*** The input Section Begins ***
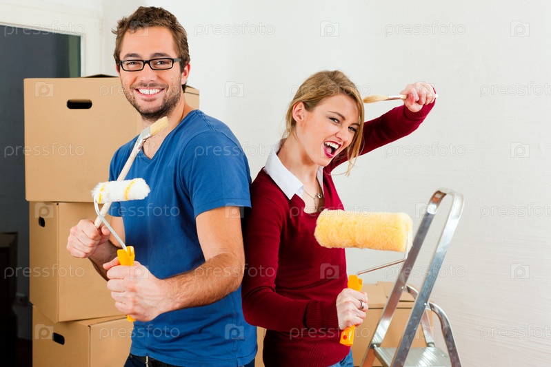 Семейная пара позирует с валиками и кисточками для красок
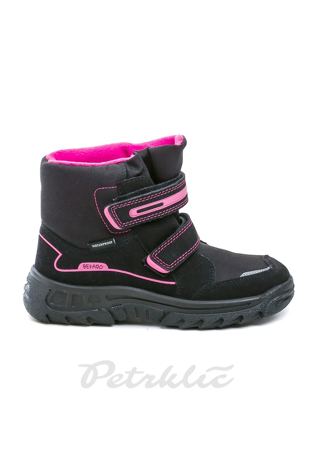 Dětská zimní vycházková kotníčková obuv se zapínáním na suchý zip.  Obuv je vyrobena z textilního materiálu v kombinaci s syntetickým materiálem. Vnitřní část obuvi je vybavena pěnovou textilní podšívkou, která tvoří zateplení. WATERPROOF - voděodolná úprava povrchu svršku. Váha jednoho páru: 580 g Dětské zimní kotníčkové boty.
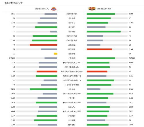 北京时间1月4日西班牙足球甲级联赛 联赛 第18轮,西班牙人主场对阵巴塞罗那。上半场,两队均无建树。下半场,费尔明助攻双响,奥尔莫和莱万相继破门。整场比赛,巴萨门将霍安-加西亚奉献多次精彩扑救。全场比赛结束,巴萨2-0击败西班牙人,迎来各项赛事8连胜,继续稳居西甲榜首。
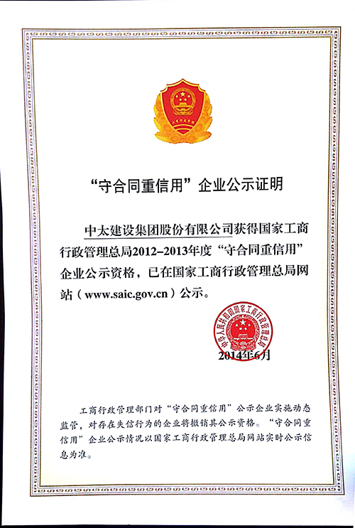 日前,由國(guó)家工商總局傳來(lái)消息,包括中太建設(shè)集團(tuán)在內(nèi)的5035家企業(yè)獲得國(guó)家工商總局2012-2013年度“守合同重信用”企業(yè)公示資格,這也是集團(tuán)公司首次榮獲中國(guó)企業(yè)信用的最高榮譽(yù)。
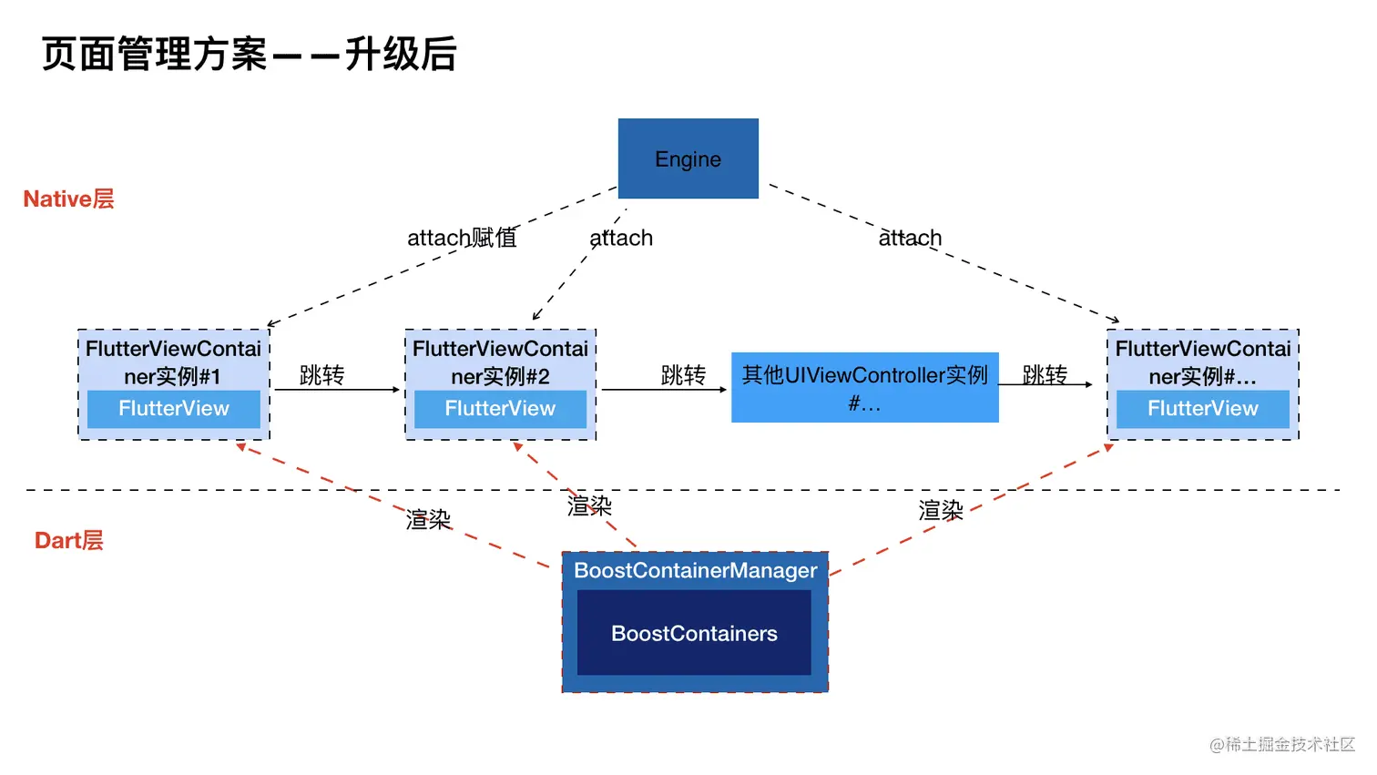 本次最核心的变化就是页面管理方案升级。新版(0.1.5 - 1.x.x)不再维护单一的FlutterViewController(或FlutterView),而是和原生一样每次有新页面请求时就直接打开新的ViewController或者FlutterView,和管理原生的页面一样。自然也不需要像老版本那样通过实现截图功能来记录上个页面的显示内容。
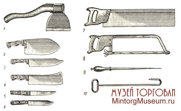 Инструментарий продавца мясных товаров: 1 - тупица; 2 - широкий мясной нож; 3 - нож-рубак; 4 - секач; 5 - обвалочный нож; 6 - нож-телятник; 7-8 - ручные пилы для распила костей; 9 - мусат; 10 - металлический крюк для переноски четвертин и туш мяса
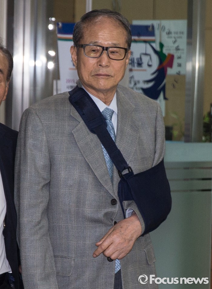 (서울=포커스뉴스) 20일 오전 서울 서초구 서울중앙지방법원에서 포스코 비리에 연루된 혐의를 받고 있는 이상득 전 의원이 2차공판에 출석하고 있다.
*** The input Section Ends ***
- What is required -
Your answer must be exactly the lines from the one containing "Инструментарий продавца мясных" through the last line of the records above, both included, with every picture left out.

- Answer section -
 Инструментарий продавца мясных товаров: 1 - тупица; 2 - широкий мясной нож; 3 - нож-рубак; 4 - секач; 5 - обвалочный нож; 6 - нож-телятник; 7-8 - ручные пилы для распила костей; 9 - мусат; 10 - металлический крюк для переноски четвертин и туш мяса
 (서울=포커스뉴스) 20일 오전 서울 서초구 서울중앙지방법원에서 포스코 비리에 연루된 혐의를 받고 있는 이상득 전 의원이 2차공판에 출석하고 있다.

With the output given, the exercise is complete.